The district court concluded that (1) any gap that might exist between the two regulatory schemes as they apply (or don't apply) to mobile sources of air pollution "was created through a series of reasoned and calculated decisions by Congress and EPA," and, independently, (2) plaintiffs failed to state a claim under RCRA because, even if RCRA does apply, diesel exhaust is not a "solid or hazardous waste." 

In affirming, the appeals court cited (and distinguished) prior case law, but for the most part relied on the plain language of the statutes and pertinent legislative history of Congressional actions (or intentional inaction) related to regulation of mobile sources of diesel exhausts and rail yards.  Relying on the principle of expressio unius est exclusio alterius (when Congress expresses meaning through a list, a court may assume that what is not listed is excluded), the court of appeals noted that "emitting" is excluded from the definition in RCRA of "disposal."  Citing §6903(3), the court of appeals added that the specific statutory text further limits the definition of "disposal" to "placement" of solid waste "into or on any land or water" and concluded that emitting the exhaust into the air does not equate to placing the exhaust into or on any land or water. The 9th Circuit concluded that to decide otherwise would be rearranging the wording of the statute which courts cannot do.  Specifically, the court of appeals held, "Reading §6903(3) as Congress has drafted it, ‘disposal’ does not extend to emissions of solid waste directly into the air." 

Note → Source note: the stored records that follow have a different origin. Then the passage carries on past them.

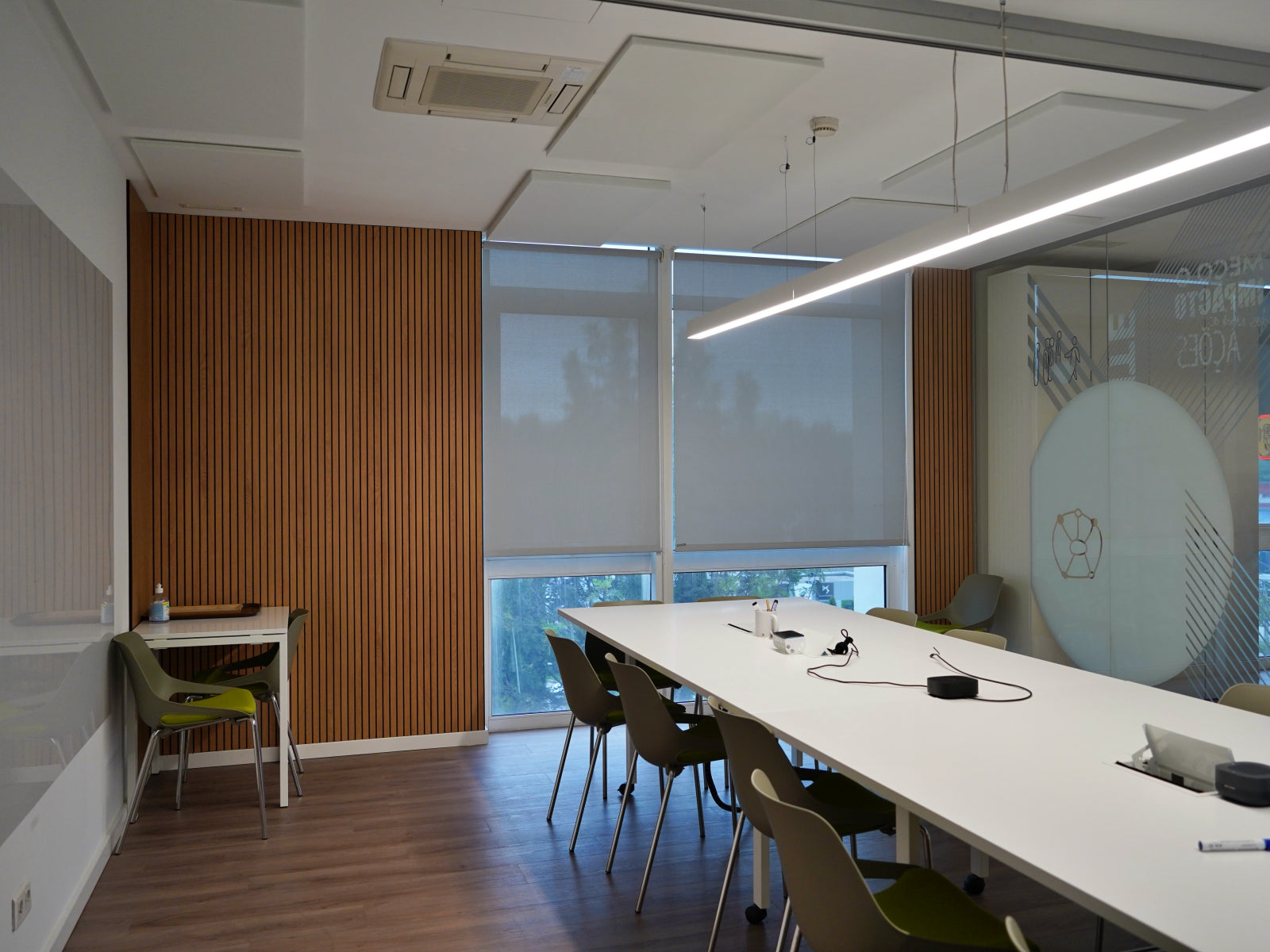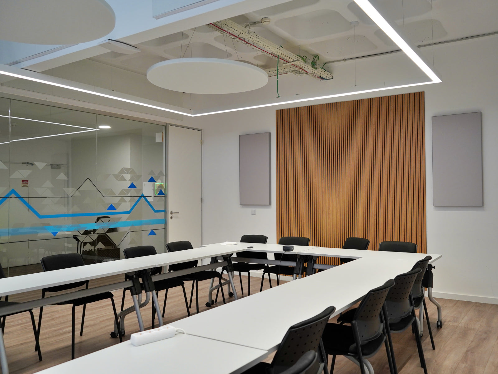 VicStrip and VMT stand out as solutions for workspaces in the Artens Meeting Room and the Management Room at Leroy Merlin's offices in Lisbon, Portugal. Both spaces were refurbished with an acoustic treatment proposal designed by the Vicoustic Project team of Acousticians to properly treat the Reverberation Time inside the rooms.
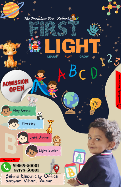 First Light Premium School is a leading preschool in Raipur, providing high-quality early childhood education for children. Our mission is to create a positive and engaging learning environment where children can develop their full potential and become lifelong learners.
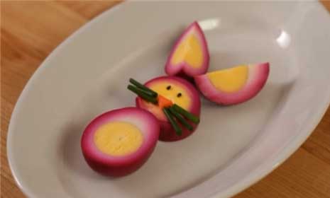 Deixe os ovos já cozidos e descascados dentro de uma jarra ou pote com suco de beterraba coado por dois dias, na geladeira (isso dará o toque rosa ao seu coelho!). Depois desse tempo, tire os ovos e os seque com um papel toalha. Corte o primeiro ovo ao meio, longitudinalmente, para fazer a barriga. Corte a outra metade novamente ao meio, para fazer as orelhas. Corte o segundo ovo transversalmente, em rodelas. Pegue uma das rodelas para fazer a carinha redonda do coelho. Faça os bigodes com cebolinha e o focinho com um pedacinho de cenoura em formato de triângulo. O toque final dos olhinhos fica por conta do gergelim. Uma graça, impossível do filhote resistir!
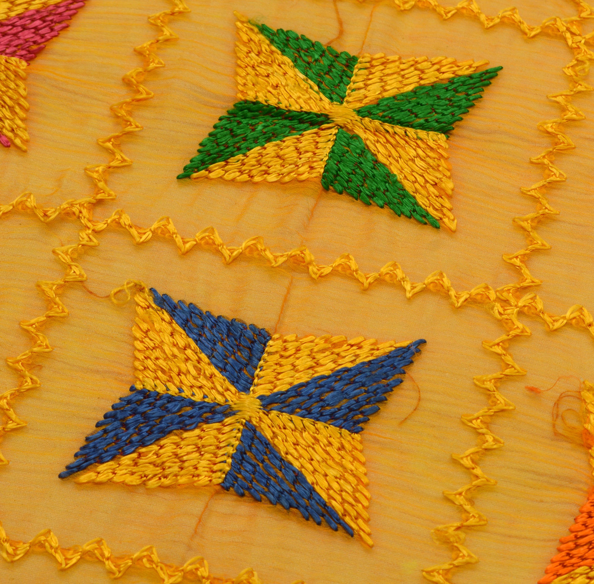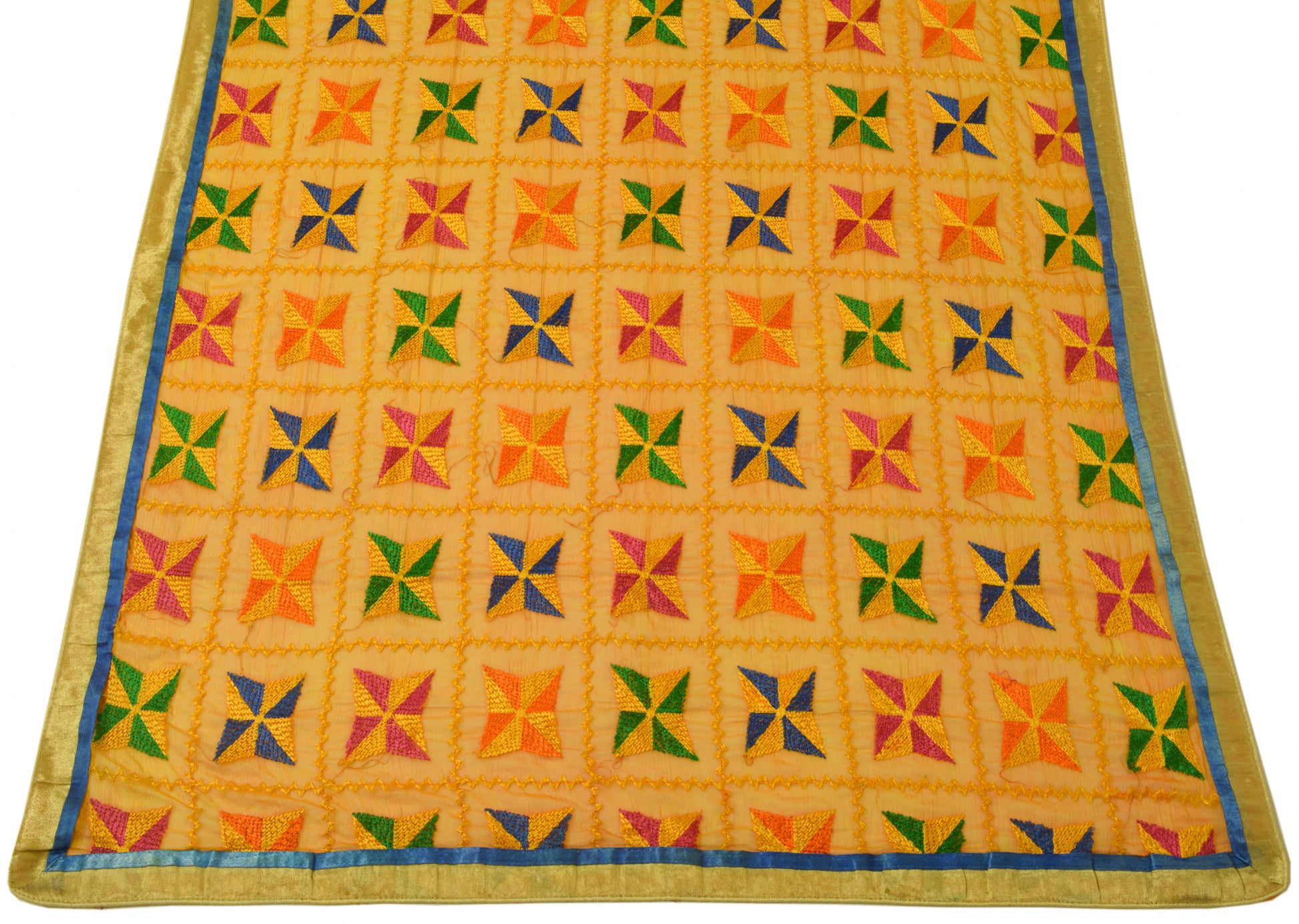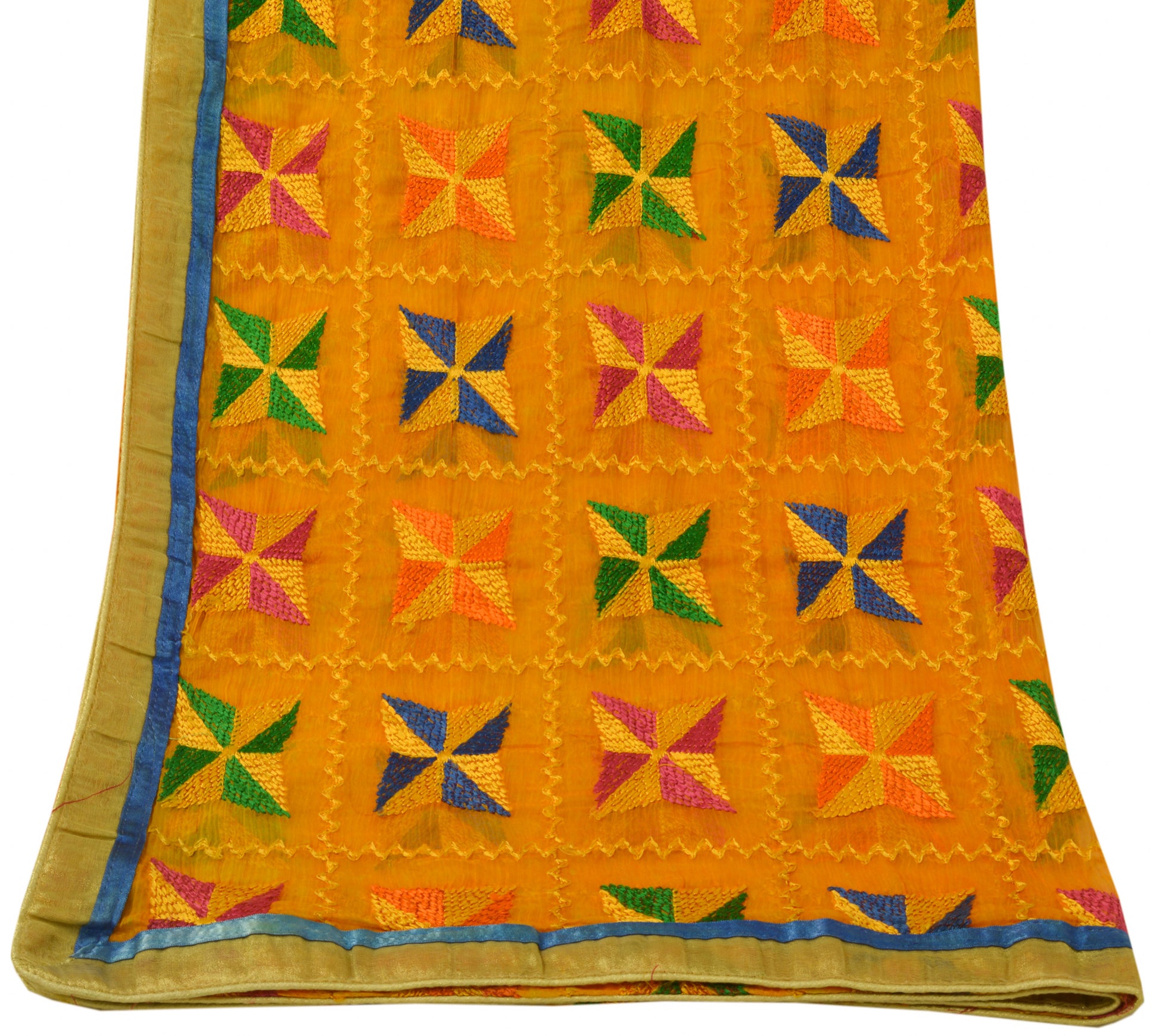 Sushila Vintage Yellow Dupatta Chiffon Embroidered Phulkaari Long Stole Scarves

The 9th Circuit might have stopped there, but it did not  The Court of Appeals further supported its decision by (1) recognizing that the term "emitting" was used elsewhere in the statute and, therefore, was intentionally excluded from the definition of "disposal," and (2) reviewing the legislative history and determining that Congress had opted not to address diesel emissions from locomotives, heavy-duty trucks, and buses at various points in the history of the Clean Air Act amendments adopted in 1970. It also noted that a railroad emissions study required during the planning of a 1977 Clean Air Act overhaul (only one year after enactment of RCRA) omitted rail yards and mobile sources and resulted in a prohibition of federal regulation of "indirect sources" that included corridors attracting mobile sources, like roads or highways, leaving regulation of those sources entirely to the states. The opinion also discussed later amendments to the Clean Air Act, finding that in the 1990 Amendments to the Clean Air Act, Congress finally required EPA to promulgate regulations setting forth standards applicable to emissions from new locomotives and new engines used in locomotives and prohibited states from doing the same, but left the regulation of indirect sources including rail yards, exclusively to the states, noting that, once again, in 1990, RCRA applied to neither. 

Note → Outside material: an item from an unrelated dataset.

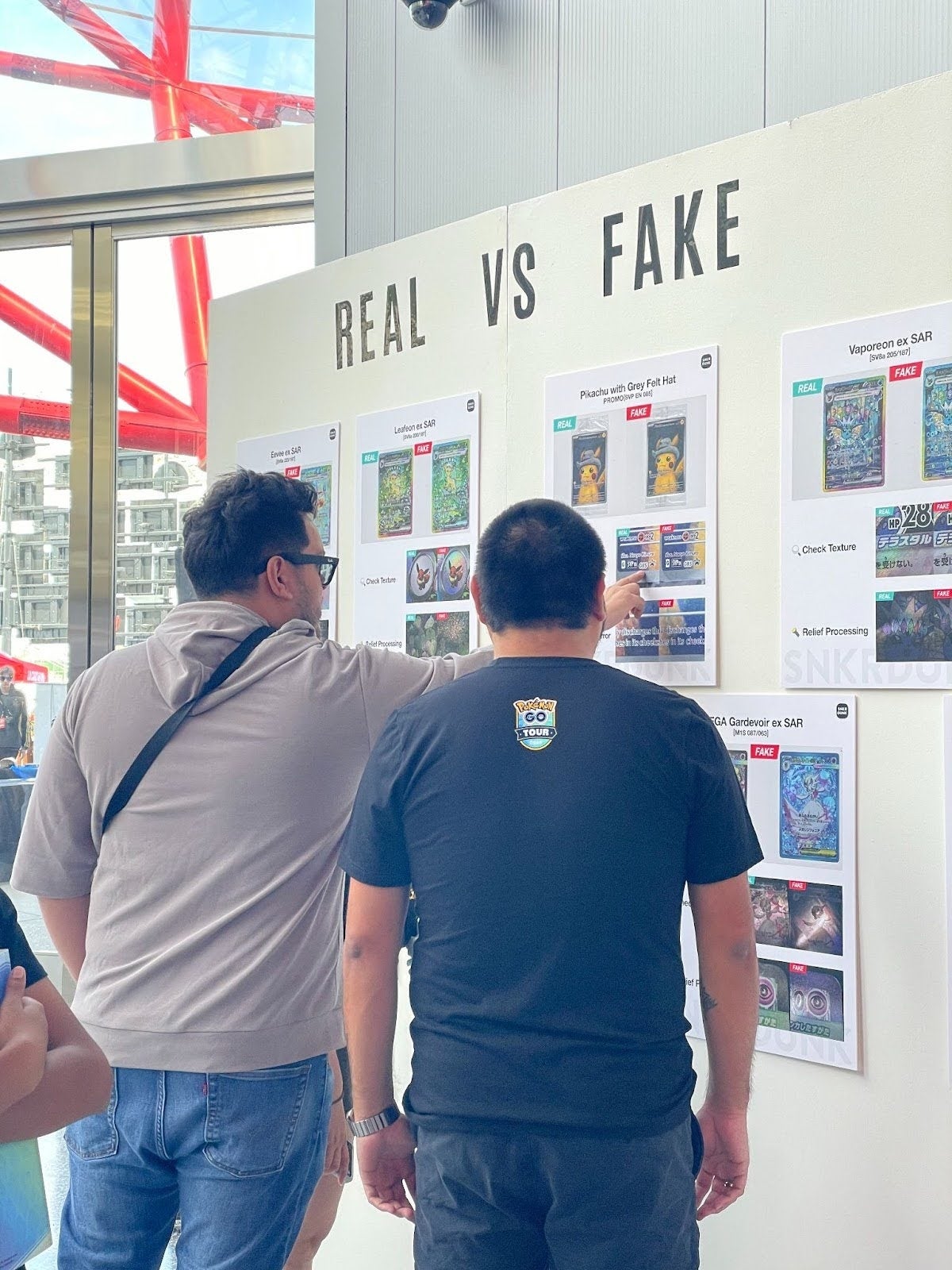 ポケモンカードの正規品と偽造品を比較した8種類のパネルを展示。各パネルの下部には、来訪者が違いを一目でわかるように、正規品と偽造品の真贋鑑定ポイントを大きく掲載しました。また、日本で流通している実物の正規品と偽造品のサンプル展示が会場内の注目を集め、来訪者からは、「本物と並べて比較する機会は今回が初めてだった」「こんなに偽造品が巧妙に作られているとは知らなかった」「個人では見分けがつかないと思う。日本の鑑定技術は非常に優れている」と多くの関心の声をいただき、偽造品の最新情勢をリアルに体感いただけるパネル展示となりました。

The court  of appeals was not persuaded by plaintiffs' argument that the two statutes should be "harmonized" to fill any gaps, or that there was irreconcilable conflict between the two statutes, observing that in actuality no conflict existed because neither statute applied to rail yards' diesel exhausts.  But to put an exclamation point on its holding, the 9th Circuit added: “[H]owever, to the extent that its text is ambiguous, RCRA's statutory and legislative histories resolve that ambiguity.”

The 9th Circuit's straightforward analysis of the plain language of the statutes and the  statutory history of Congressional action in this opinion is a refreshing contrast to recent opinions in which courts have struggled to find justification for EPA's attempts to regulate in areas where Congress has clearly failed to take action.